■ GIVEN INFORMATION:
--- --- ---

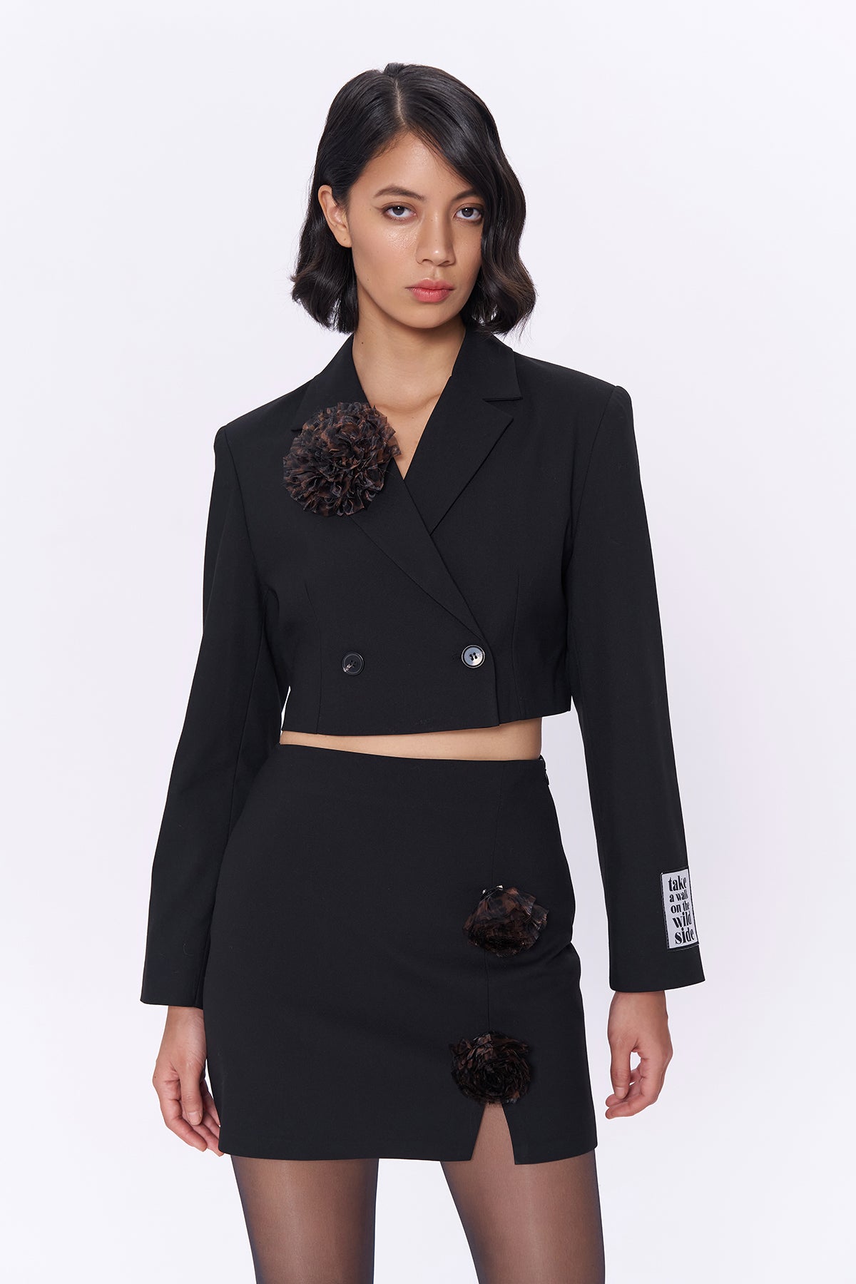 Gül Aksesuarlı Crop Blazer Ceket Siyah
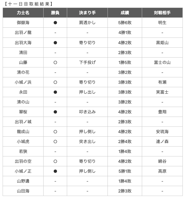 大相撲十一月場所取り組み結果 十一日目
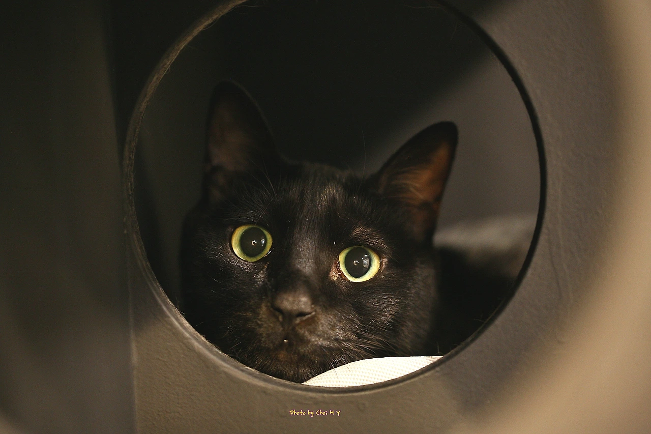 고양이 카페에서 만난 검은고양이 사람도 렌즈도 무서워했다

--- --- ---

■ WHAT IS EXPECTED:
Transcribe every line of the listing above exactly; skip the pictures.

■ YOUR SOLUTION:
 Gül Aksesuarlı Crop Blazer Ceket Siyah
 大相撲十一月場所取り組み結果 十一日目
 고양이 카페에서 만난 검은고양이 사람도 렌즈도 무서워했다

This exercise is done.